# [PROMPT]
Your task is to transcribe all of the data below exactly, omitting the images.

# [INFORMATION SUPPLIED]
%%
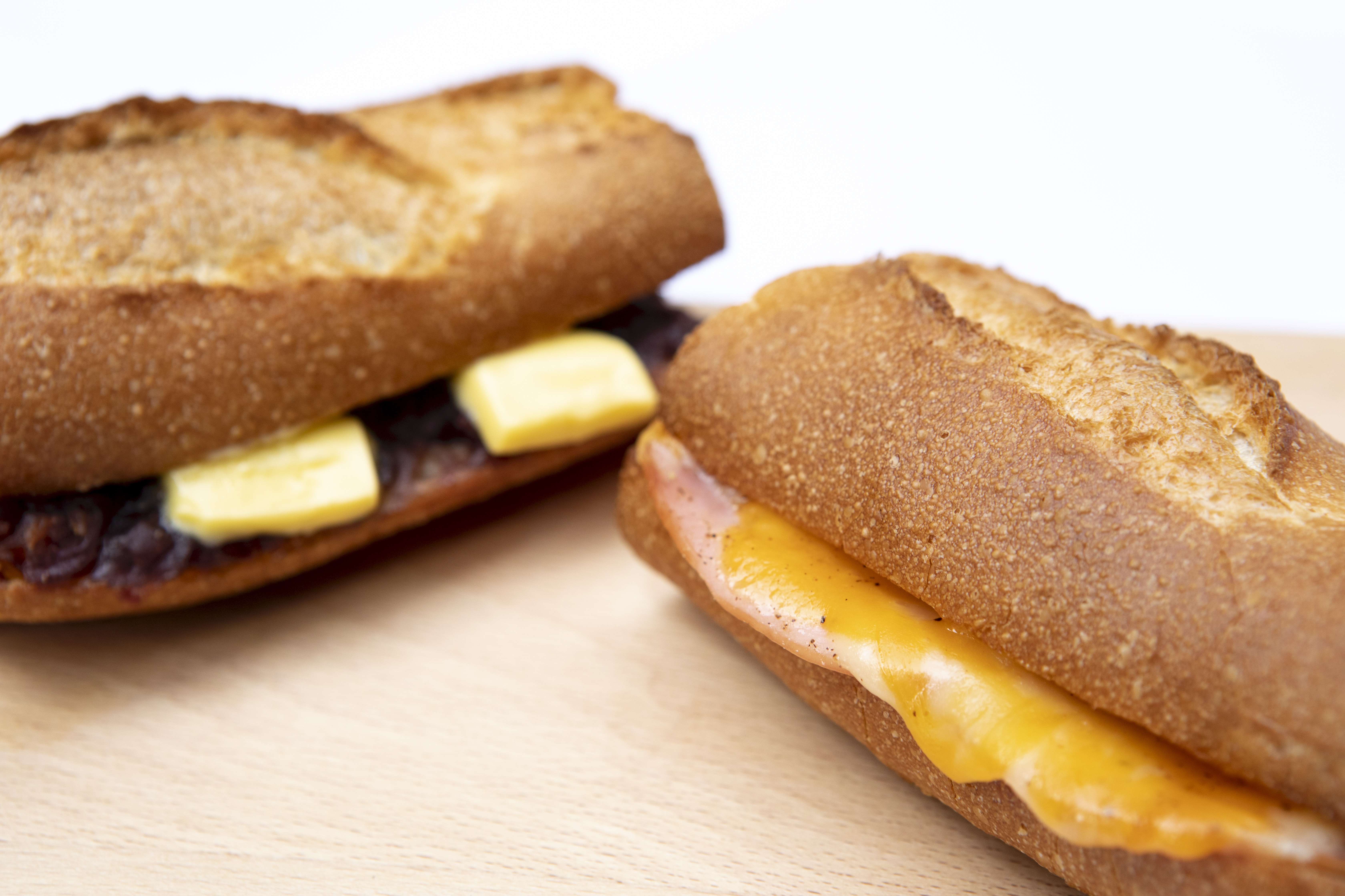 平日限定。ハムチーズサンドイッチ、あんバターサンドイッチからお選びいただけます。
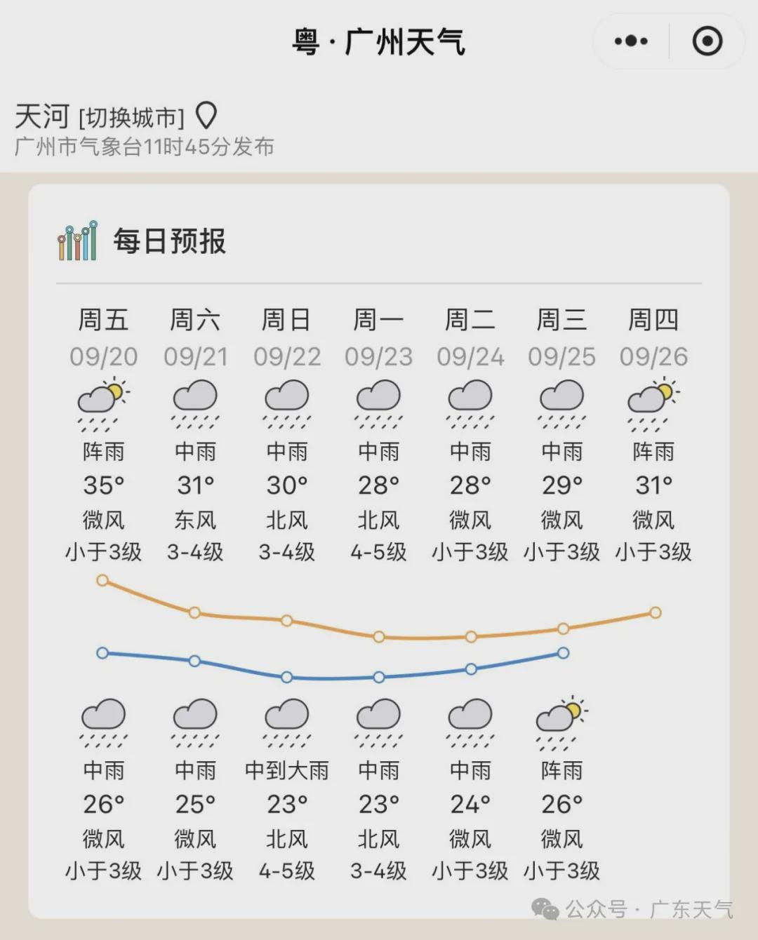 届时,高温炎热退场,广州23-24日的最高气温降至28℃。
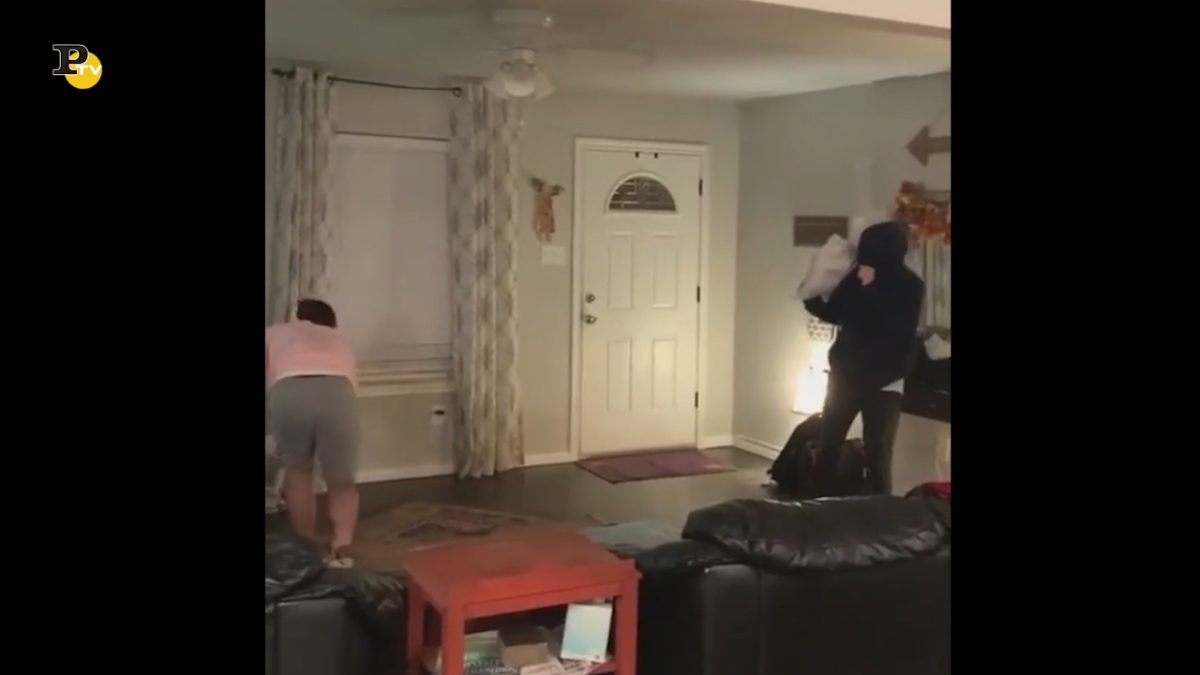 Questi due ragazzi cercano di prendersi a cuscinate avendo però gli occhi “bendati”. L’effetto è molto divertente perchè non riescono nel loro intento e girano a vuoto!
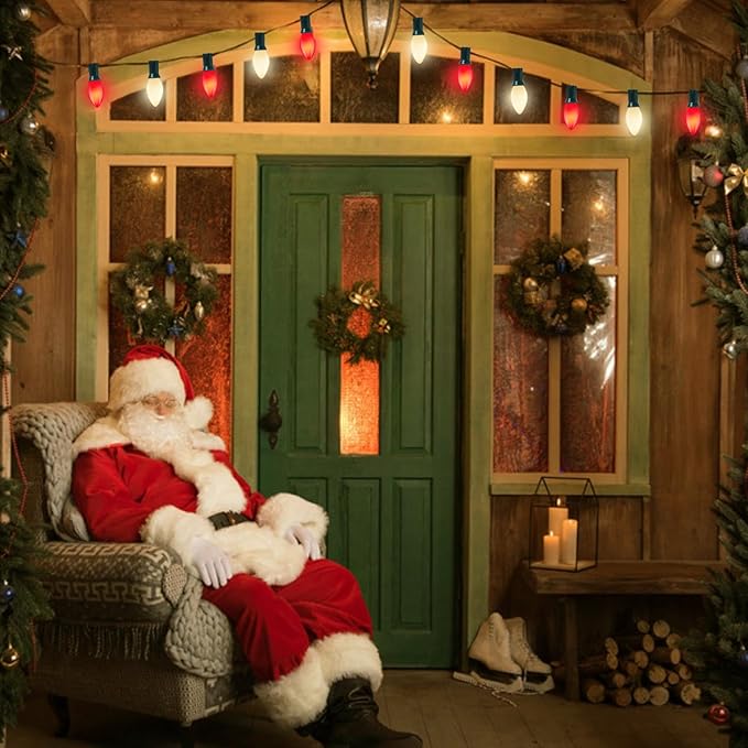 - C7 LED Red White Christmas Lights: 25Ft led christmas outdoor string lights with shatterproof C7 red and white bulbs provide a classic holiday color scheme, perfect for creating a cheerful and traditional Christmas atmosphere. C7 Christmas lights glow a natural warm lights, create a vintage effect or antique ambiance & romantic atmosphere for christmas. led christmas lights outdoor perfect for outside christmas tree garden patio yard cafe tent porch deck party backyard decorations and lighting
%%
# [SOLUTION TO THIS PROBLEM]
 平日限定。ハムチーズサンドイッチ、あんバターサンドイッチからお選びいただけます。
 届时,高温炎热退场,广州23-24日的最高气温降至28℃。
 Questi due ragazzi cercano di prendersi a cuscinate avendo però gli occhi “bendati”. L’effetto è molto divertente perchè non riescono nel loro intento e girano a vuoto!
 - C7 LED Red White Christmas Lights: 25Ft led christmas outdoor string lights with shatterproof C7 red and white bulbs provide a classic holiday color scheme, perfect for creating a cheerful and traditional Christmas atmosphere. C7 Christmas lights glow a natural warm lights, create a vintage effect or antique ambiance & romantic atmosphere for christmas. led christmas lights outdoor perfect for outside christmas tree garden patio yard cafe tent porch deck party backyard decorations and lighting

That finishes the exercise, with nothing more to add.